No, I’m not yet old enough to be contemplating a retired life filled with pilgrimages! Kashi comes to me, or rather I go to Kashi, as part of work…bless you and thank you for asking. It’s the title of one of my upcoming movies, and I’m playing the eponymous character. It’s but natural that we are shooting extensively in and around Varanasi. It’s also natural that I have fallen headlong in love…with the place, of course. It happens when you spend a lot of time with someone, or someplace. And Kashi, this town by the river, isn’t just any place. All those images, the stories, all that you’ve heard about the aarti on the ghats, that fabled sense of something being forever, transcendent…even the tug of all that put together doesn’t describe what you actually feel when you’re right there next to the Ganga. The all-pervasive spirituality of the place simply takes you over…like you are being enveloped by something greater. While I was shooting and sort of living the narrative, the film too felt beautifully in sync with that whole vibe. I felt so energised, so charged…that I seriously wish I could recommend it to everyone!
A life in films is not a usual occurrence for people, of course. Nor is it exactly what kids imagine it to be in their hormonally coloured imaginations. If only they knew the more mundane, prosaic parts—the uncertainty and doubts, the tedium, the play of chance that often goes against you—some of them might be less inclined to pursue this dream. I was lucky to get a head start of sorts, having been born into a family immersed in Gujarati theatre. So I had only a smaller bridge to cross to reach the world of films. Still, as I survey my own little budding filmography, I seem to be doing alright. My latest, 3 Storeys, is releasing early this month—I think it’s a pretty little film, revolving around some interestingly written characters, including mine of course. Kashi, my Banarasi detour, I see as part of this journey.

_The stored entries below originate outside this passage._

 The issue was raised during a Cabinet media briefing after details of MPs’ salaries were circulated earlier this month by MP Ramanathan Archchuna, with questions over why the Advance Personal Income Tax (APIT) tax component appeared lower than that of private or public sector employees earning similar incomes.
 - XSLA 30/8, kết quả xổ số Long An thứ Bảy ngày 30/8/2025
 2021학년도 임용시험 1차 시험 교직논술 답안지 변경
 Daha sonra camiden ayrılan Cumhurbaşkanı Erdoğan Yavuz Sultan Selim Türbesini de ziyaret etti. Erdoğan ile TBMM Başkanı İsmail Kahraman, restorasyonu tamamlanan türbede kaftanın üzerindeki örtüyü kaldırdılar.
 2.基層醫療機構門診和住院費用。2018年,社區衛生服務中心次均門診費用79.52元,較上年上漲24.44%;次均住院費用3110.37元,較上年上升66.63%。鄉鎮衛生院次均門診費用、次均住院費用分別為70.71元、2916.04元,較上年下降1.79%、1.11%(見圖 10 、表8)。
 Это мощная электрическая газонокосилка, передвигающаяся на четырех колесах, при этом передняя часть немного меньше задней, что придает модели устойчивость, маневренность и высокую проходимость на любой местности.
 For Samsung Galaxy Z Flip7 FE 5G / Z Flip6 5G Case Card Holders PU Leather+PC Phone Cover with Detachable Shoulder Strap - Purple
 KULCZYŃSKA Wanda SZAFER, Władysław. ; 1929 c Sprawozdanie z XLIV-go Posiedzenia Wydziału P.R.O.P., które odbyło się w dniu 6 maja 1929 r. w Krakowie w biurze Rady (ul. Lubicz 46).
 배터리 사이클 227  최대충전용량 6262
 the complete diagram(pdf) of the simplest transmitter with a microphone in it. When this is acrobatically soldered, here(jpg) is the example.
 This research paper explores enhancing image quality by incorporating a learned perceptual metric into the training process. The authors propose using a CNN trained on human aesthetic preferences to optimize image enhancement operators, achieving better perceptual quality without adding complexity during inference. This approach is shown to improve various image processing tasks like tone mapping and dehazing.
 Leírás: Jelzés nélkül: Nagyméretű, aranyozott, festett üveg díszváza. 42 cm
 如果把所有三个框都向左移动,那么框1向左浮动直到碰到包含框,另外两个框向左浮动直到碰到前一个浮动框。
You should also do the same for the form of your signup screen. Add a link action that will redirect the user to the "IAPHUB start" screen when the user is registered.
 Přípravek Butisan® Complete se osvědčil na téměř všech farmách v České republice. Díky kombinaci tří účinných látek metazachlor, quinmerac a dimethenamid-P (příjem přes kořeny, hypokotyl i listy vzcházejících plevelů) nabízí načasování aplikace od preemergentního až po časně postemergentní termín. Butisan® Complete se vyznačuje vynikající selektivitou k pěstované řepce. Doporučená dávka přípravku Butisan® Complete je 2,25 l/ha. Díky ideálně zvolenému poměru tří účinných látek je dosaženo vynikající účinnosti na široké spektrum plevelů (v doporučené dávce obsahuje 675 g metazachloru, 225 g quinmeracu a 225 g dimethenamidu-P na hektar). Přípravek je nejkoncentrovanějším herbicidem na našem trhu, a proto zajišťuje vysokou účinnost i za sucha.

It’s been some journey too, and after Kashi you can excuse me if I wax a little philosophical! Looking back at my career, there’s nothing much that I’d change about the script so far. I have managed to get some really decent movies under my belt. Anyone would consider himself fortunate to have his name rolling up in the credits for 3 Idiots, Rang De Basanti, Life in A Metro…. As films, all unusual and atypical in their own way, and coming at a time when Bollywood was beginning to redefine itself.